# The Deep Learning Book (Simplified)
## Part II - Modern Practical Deep Networks
*This is a series of blog posts on the [Deep Learning book](http://deeplearningbook.org)
where we are attempting to provide a summary of each chapter highlighting the concepts 
that we found to be most important so that other people can use it as a starting point
for reading the chapters, while including the code for reproducing some of the results. 
Please refer [this](http://www.deeplearningbook.org/contents/notation.html) for more clarity on 
notation.*


## Chapter 7: Regularization for Deep Learning

Recalling from Chapter 5, **overfitting** is said to occur when the training error keeps decreasing but the test error (or the generalization error) starts increasing. **Regularization** is the modification we make to a learning algorithm that reduces its generalization error, but not its training error. There are various ways of doing this, some of which include restriction on parameter values or adding terms to the objective function, etc.
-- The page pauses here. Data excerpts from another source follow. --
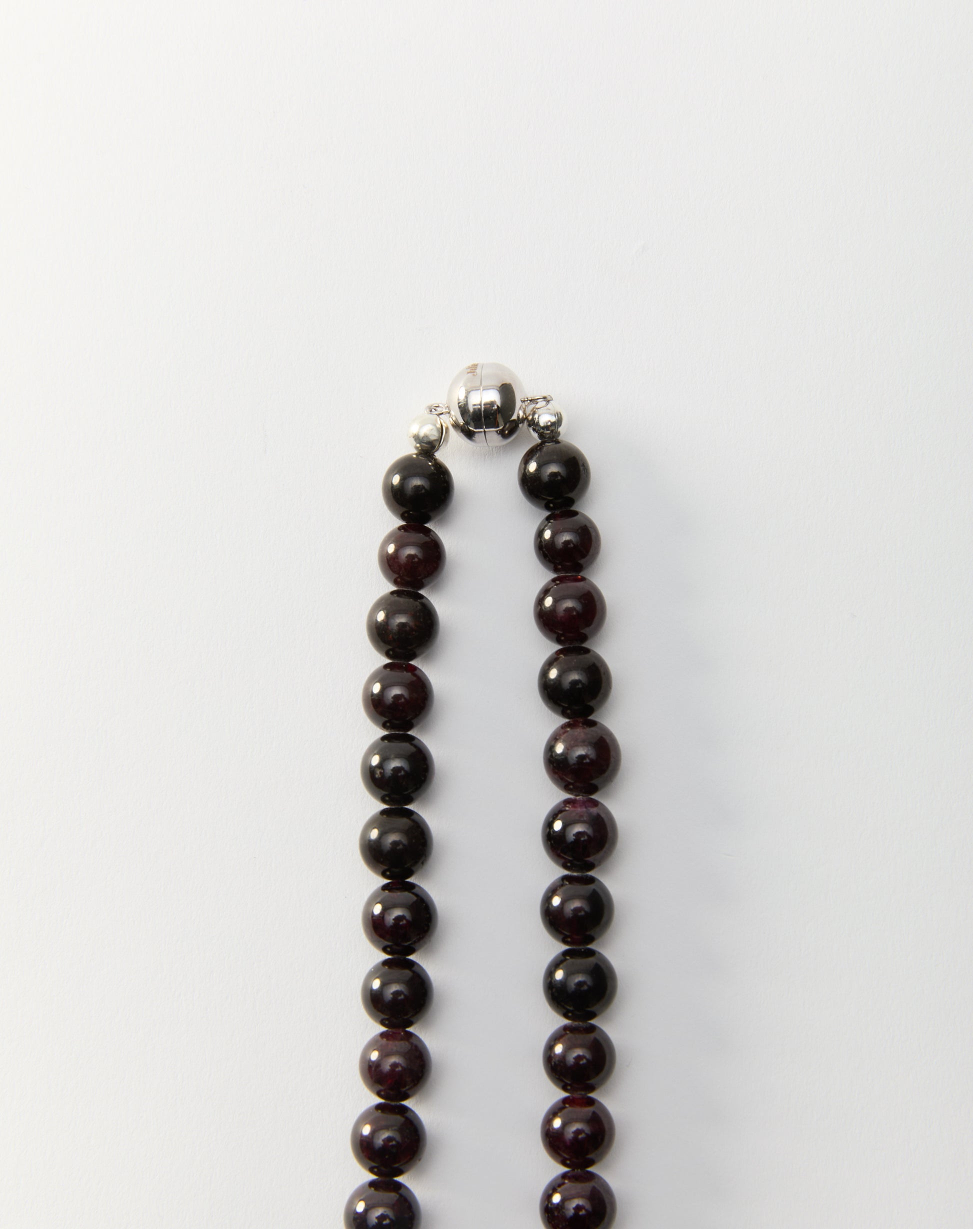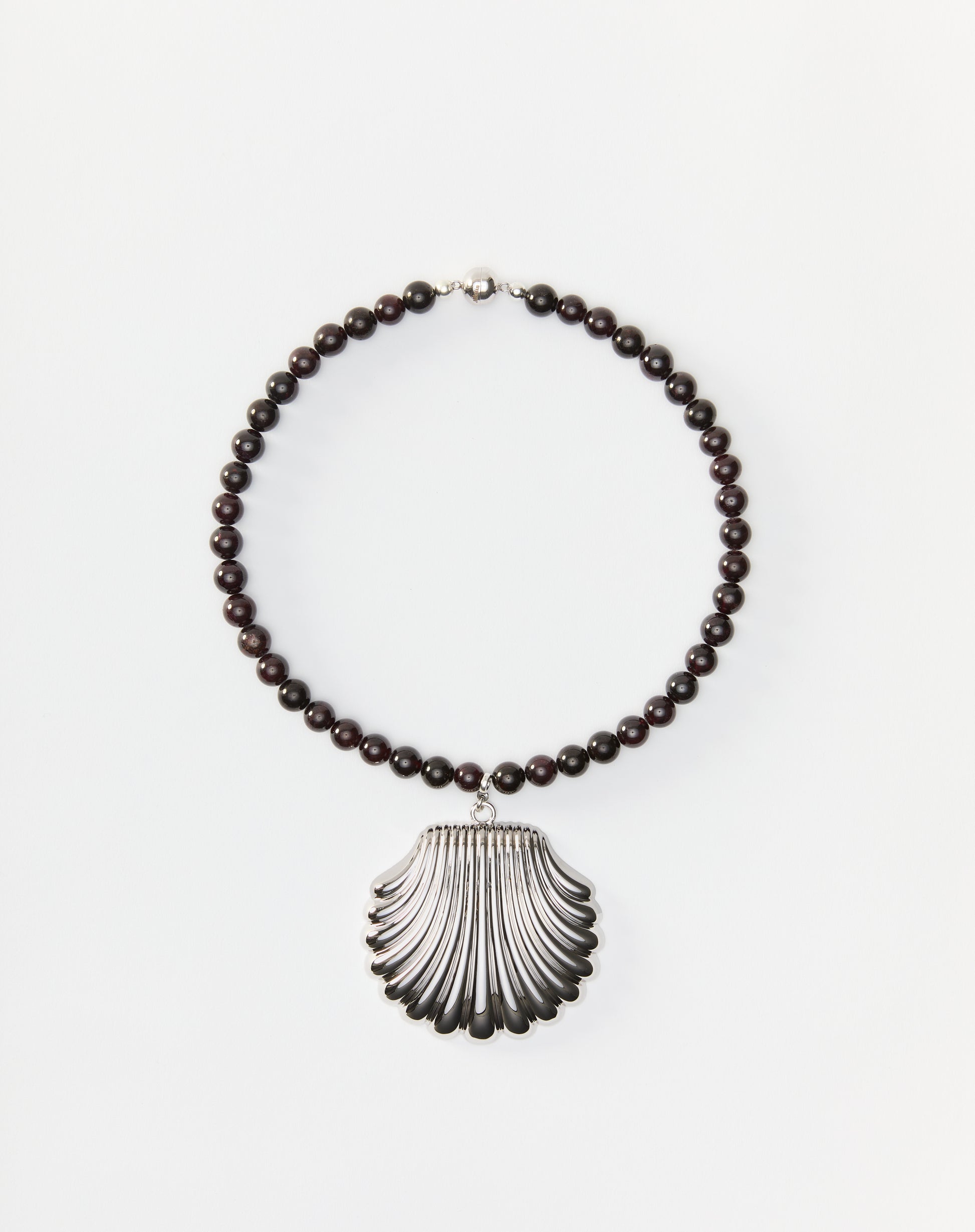 Meet the Holbox necklace. This red garnet beaded design features a large rhodium-plated brass shell pendant and is finished with our signature magnetic clasp for effortless wear. Each piece is one of a kind, with subtle variations that highlight its artisanal nature.
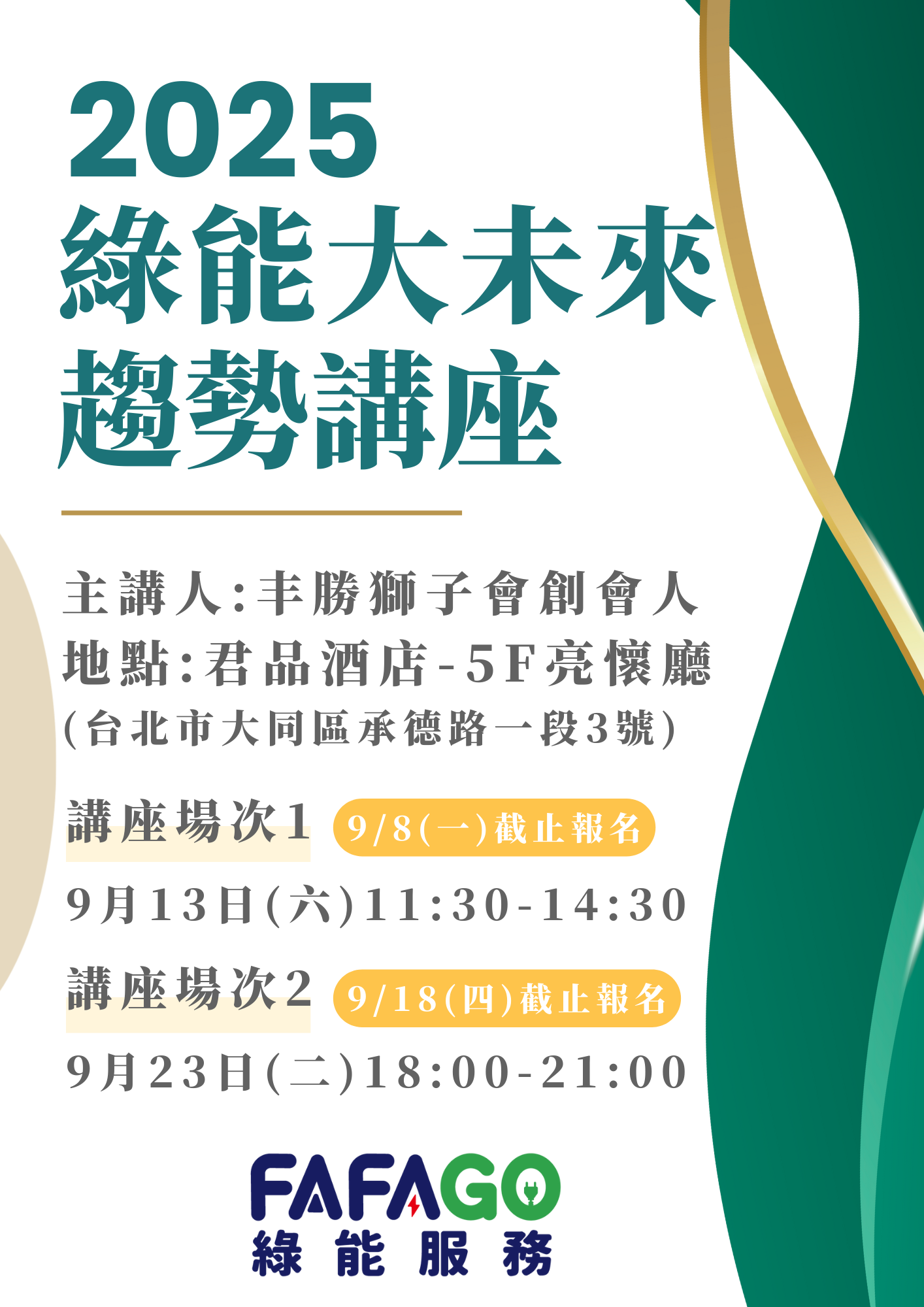 FAFAGO 綠能講座2025.8.25⚡ 綠能浪潮全面啟動! 2025 年最關鍵的趨勢講座 🔑 新能源 ♻️ 永續 🌱 充電樁 🚗⚡ 一次掌握全球脈動,贏在起跑點! 👉 想卡位新商機?加入官方LINE,小幫手立刻幫您報名! @221whlvs(記得加@)閱讀更多 https://fafago.com.tw/wp-content/uploads/2025/08/5.png 2000 1414 famboss888 /wp-content/uploads/2024/09/logo-color.png famboss8882025-08-25 14:17:012025-08-25 14:17:01FAFAGO 綠能講座
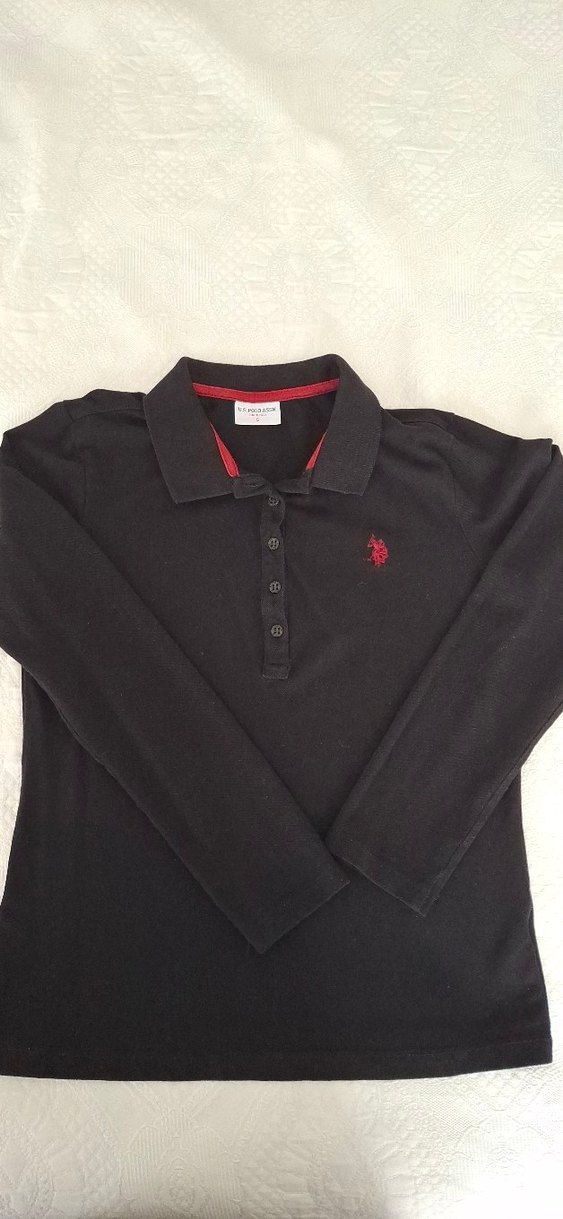 Siyah renkli, uzun kollu, düğmeli ve yakalı, kızlar için dar kesim polo tişört. Yeniden farkı yok. S beden. 2 kere anca giyildi. #Uspolo #poloyaka #siyahpolo

These constraints are designed to encode some sort of prior knowledge, with a preference towards simpler models to promote generalization (See [Occam's Razor](https://en.wikipedia.org/wiki/Occam%27s_razor)). The sections present in this chapter are listed below: <br>

**1. Parameter Norm Penalties** <br>
**2. Norm Penalties as Constrained Optimization** <br>
**3. Regularization and Under-Constrained Problems** <br>
**4. Dataset Augmentation** <br>
**5. Noise Robustness** <br>
**6. Semi-Supervised Learning** <br>
**7. Mutlitask Learning** <br>
**8. Early Stopping** <br>
**9. Parameter Tying and Parameter Sharing** <br>
**10. Sparse Representations** <br>
**11. Bagging and Other Ensemble Methods** <br>
**12. Dropout** <br>
**13. Adversarial Training** <br>
**14. Tangent Distance, Tangent Prop and Manifold Tangent Classifier** <br>

### 1. Parameter Norm Penalties

The idea here is to limit the capacity (the space of all possible model families) of the model 
by adding a parameter norm <br>
penalty, $\Omega(\theta)$, to the objective function, $J$:

$$ \tilde{J}(\theta; X, y) =  J(\theta; X, y) + \lambda \Omega(\theta)$$

Here, $\theta$ represents only the weights and not the biases, the reason being that the biases require much less data to fit and do not add much variance.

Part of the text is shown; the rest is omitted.